Valley’s Sojourn to the Past embodies legacy of MLK


Over the past 10 years, the Mahoning Valley has been blessed to have an angel among us in the form of the Youngstown-based Sojourn to the Past youth initiative. And as of Saturday night, now the whole wide world knows of the stellar good works of these exemplary students dedicated to promoting nonviolence.

Inside the Hyatt Regency Hotel in Atlanta on Saturday, the King Center’s annual Salute to Greatness ceremony singled out Sojourn for its 2016 ANGEL – Advancing Nonviolence through Generations of Exceptional Leadership – Award. That high honor serves as a fitting and timely tribute to the Youngstown group that embodies the legacy of nonviolence, justice and constructive change of Dr. Martin Luther King Jr., whose 87th birthday our nation celebrates today.

We congratulate and commend Sojourn, under the passionate and superlative leadership of former Youngstown schoolteacher Penny Wells, for its richly deserved honor.
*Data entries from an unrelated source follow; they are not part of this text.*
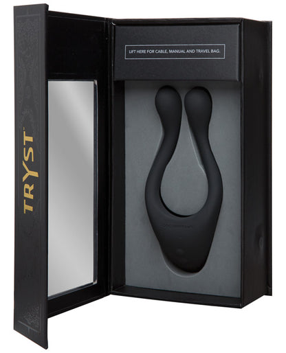 Encounter limitless pleasure. The revolutionary TRYST Multi Erogenous Zone Massager, designed with both men and women in mind, it is as versatile as your desire. TRYST is comprised of two curved vibrating arms and a vibrating base, each powered by a strong 7-function motor. Dual zone controls allow users to set individual vibration patterns for the arms and the base. Flex the arms to hug the clitoris, nipples, or glans (underside of penis) and position the base in a variety of stimulating ways! TRYST's firm but flexible vibrating arms offer a strong sensation when used on their own, while the solid base adds an intense rumbling massage as you position the arms to hug your body's most sensitive spots. The arms of TRYST are also subtly angled to provide g-spot stimulation when both or one is inserted into the vaginaβ insert one vaginally and flex the other to stimulate the clitoris or anus for multi-zone pleasure. TRYST can also be used as a C-Ring, a highly stimulating option for couples play or hands-free male masturbation! Position TRYST around the shaft of the penis with the base or arms angled toward the head of the penis to provide stimulation for both partners. Greater sensation for both partners can be achieved when TRYST is positioned against the base of the penis (behind the balls)-- this puts TRYST in a great position to stimulate the male perineum while still providing vibration for the clit and labia upon deeper penetration.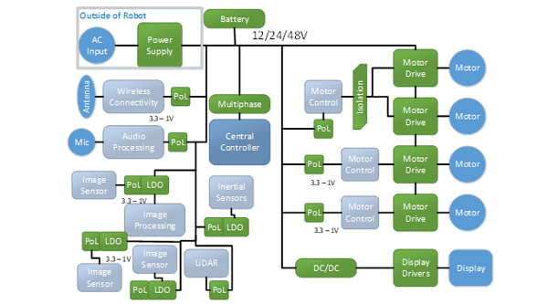 圖1:典型機(jī)器人的高級(jí)框圖(包括電源系統(tǒng))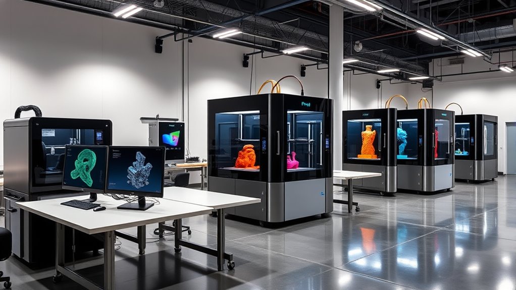 Choosing a large-format 3D printer hinges on understanding its build volume capacity, as this directly impacts what you can produce in a single print. A bigger build volume allows you to print larger models in one piece, reducing assembly and post-processing time. High-volume printers often feature dimensions over 300x300x300mm, supporting substantial projects. Additionally, a larger build space lets you print multiple smaller parts simultaneously, boosting productivity. However, expanding the build size may require a sturdier frame and precise auto-leveling systems to maintain quality. It’s crucial to match the build volume with your specific project needs to guarantee efficient production without compromising accuracy. Carefully evaluating your typical model size and production goals helps you choose a printer that balances capacity and performance effectively.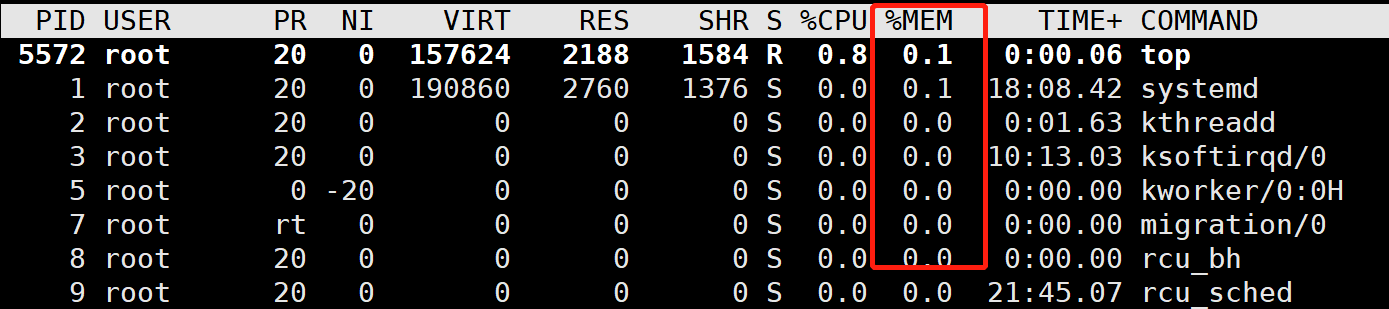 RES:进程使用的、未被换出的物理内存大小,单位kb。

Furthermore, we urge its members to continue their mission to soak in the history of racial injustice and violence in our nation as a means to achieve their larger goal to promote nonviolence in our community, our state and our nation.

SOJOURN’S MISSION

Sojourn to the Past, established in the Youngstown City Schools in 2007, assembles a group of responsible high school students who take part in a 10-day journey through some of the most noble and ignoble battlegrounds and victory fields of the civil-rights movement in the American South. There they get living lessons from veterans of the struggle on justice, nonviolence, civic responsibility, hope, compassion and tolerance. They then incorporate those lessons into their daily lives as leaders for social justice and nonviolence in their schools and community.

Sojourn’s work and goals intimately parallel those of Dr. King, the civil-rights leader for whom all Americans should pause to remember and honor today.

Dr. King, after all, stands out as a champion for peaceful change. He once proclaimed, “Nonviolence is a powerful and just weapon. It is a weapon unique in history, which cuts without wounding and ennobles the man who wields it.”

Sojourn has grasped firmly onto that weapon as a primary tool to achieve progressive change. In its workshops, rallies, parades, educational campaigns and political drives, it hammers home the necessity to resolve disputes peacefully.

Dr. King also relied heavily on youth talent and energy to accomplish his lofty goals. Perhaps most notably, thousands of elementary and high-school students responded to King’s appeal in 1963 to stand up for justice in a march through Birmingham. There they withstood peacefully the pain of seething attack dogs and gushing fire hoses to validate and reinforce their public-spirited principles.

Five decades later, our Valley’s Sojourners have responded to the enduring clarion call of Dr. King by taking the helm of a variety of positive nonviolence-focused campaigns aimed at producing change by working responsibly within the system – despite the odds.

ACCOMPLISHMENTS ABOUND

Just as Dr. King contributed to the architecture of the landmark civil-rights acts of the 1960s, Sojourn students have helped to craft legislation on state and local levels to implement a week focused on promoting nonviolent means to resolve differences. Their efforts led to proclamations by the city school board, city council and even the state Legislature. They culminated on July 11, 2013, when Gov. John Kasich signed into law the designation of the first full week in October each year as “Nonviolence Week in Ohio.”

That campaign also has stretched to Capitol Hill, where U.S. Rep. John Lewis, D-Ga., himself a veteran of some of the most vicious civil-rights struggles in our history, has worked to establish a designation of Nonviolence Week across the country. Unfortunately, Lewis’ resolution, which includes many praiseworthy references to Youngstown’s Sojourn program and to Wells, has languished and died in committee, most recently in the 2014 session of the do-nothing Congress of recent years.

We’re certain our Youngstown Sojourners will not give up that worthwhile objective without a continued fight. Toward that end, we urge Rep. Lewis to reintroduce the resolution and for members of the Valley and Ohio delegations to assist the local students in their lobbying campaign for its passage.

Not only would that serve as a lasting tribute to the local Sojourn group, it also would prolong through the ages the awe-inspiring dream of the esteemed civil- rights leader whose accomplishments and legacy of nonviolence we hail today.